In other words, do not let us begin by exaggerating the novelty of our situation. Believe me, dear sir or madam, you and all whom you love were already sentenced to death before the atomic bomb was invented: and quite a high percentage of us were going to die in unpleasant ways. We had, indeed, one very great advantage over our ancestors—anesthetics; but we have that still. It is perfectly ridiculous to go about whimpering and drawing long faces because the scientists have added one more chance of painful and premature death to a world which already bristled with such chances and in which death itself was not a chance at all, but a certainty.
This is the first point to be made: and the first action to be taken is to pull ourselves together. If we are all going to be destroyed by an atomic bomb, let that bomb when it comes find us doing sensible and human things—praying, working, teaching, reading, listening to music, bathing the children, playing tennis, chatting to our friends over a pint and a game of darts—not huddled together like frightened sheep and thinking about bombs. They may break our bodies (a microbe can do that) but they need not dominate our minds.
— “On Living in an Atomic Age” (1948) in Present Concerns: Journalistic Essays
In particular, this phase hits home:
“In other words, do not let us begin by exaggerating the novelty of our situation. Believe me, dear sir or madam, you and all whom you love were already sentenced to death before the atomic bomb was invented: and quite a high percentage of us were going to die in unpleasant ways.“
It does feel like it is becoming more difficult to be optimistic about the future, but then I think what it must felt like to have faith that the dumb politicians of the day weren’t going to unleash nuclear war on the world.
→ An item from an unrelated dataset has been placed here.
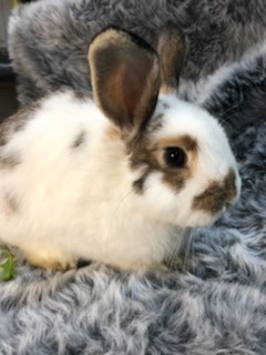 Penny is a pure white bun who is around 12 months old. She will just melt into your arms once she overcomes her initial shyness. Penny loves cheek scratches, pushing her head into your hand for more!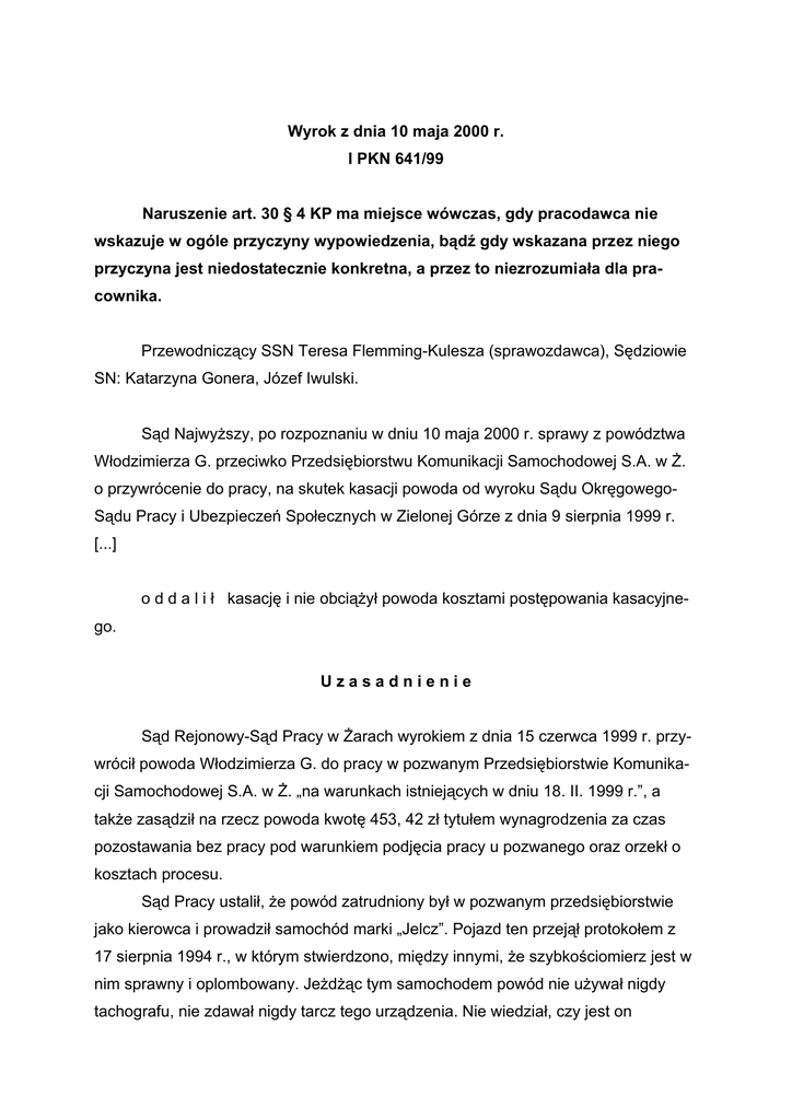 Wyrok z dnia 10 maja 2000 r. I PKN 641/99 Naruszenie art. 30 § 4

Or how it must have felt to live through the world wars and see your friends, brothers, fathers, and neighbours go off to Europe and never come back.
It is valuable to think about what the future might hold but it is even more critical to not dwell on a negative future or let the possibility of it destroy your day today.
“…the first action to be taken is to pull ourselves together. If we are all going to be destroyed by an atomic bomb, let that bomb when it comes find us doing sensible and human things—praying, working, teaching, reading, listening to music, bathing the children, playing tennis, chatting to our friends over a pint and a game of darts—not huddled together like frightened sheep and thinking about bombs. They may break our bodies (a microbe can do that) but they need not dominate our minds.”
The possible dystopian future we imagine does not exist. Some aspects of it may come to pass, but when you spend your time today living in that world you are working to create it not to avoid it. The most important thing you can do is resist the temptation to despair or believe it is all outside your control. Instead, return to the human things, make friends, enjoy time with your children, start a garden and grow some plants. Live today like billions of people have done before you, knowing that bad things will come to pass, but we still have today.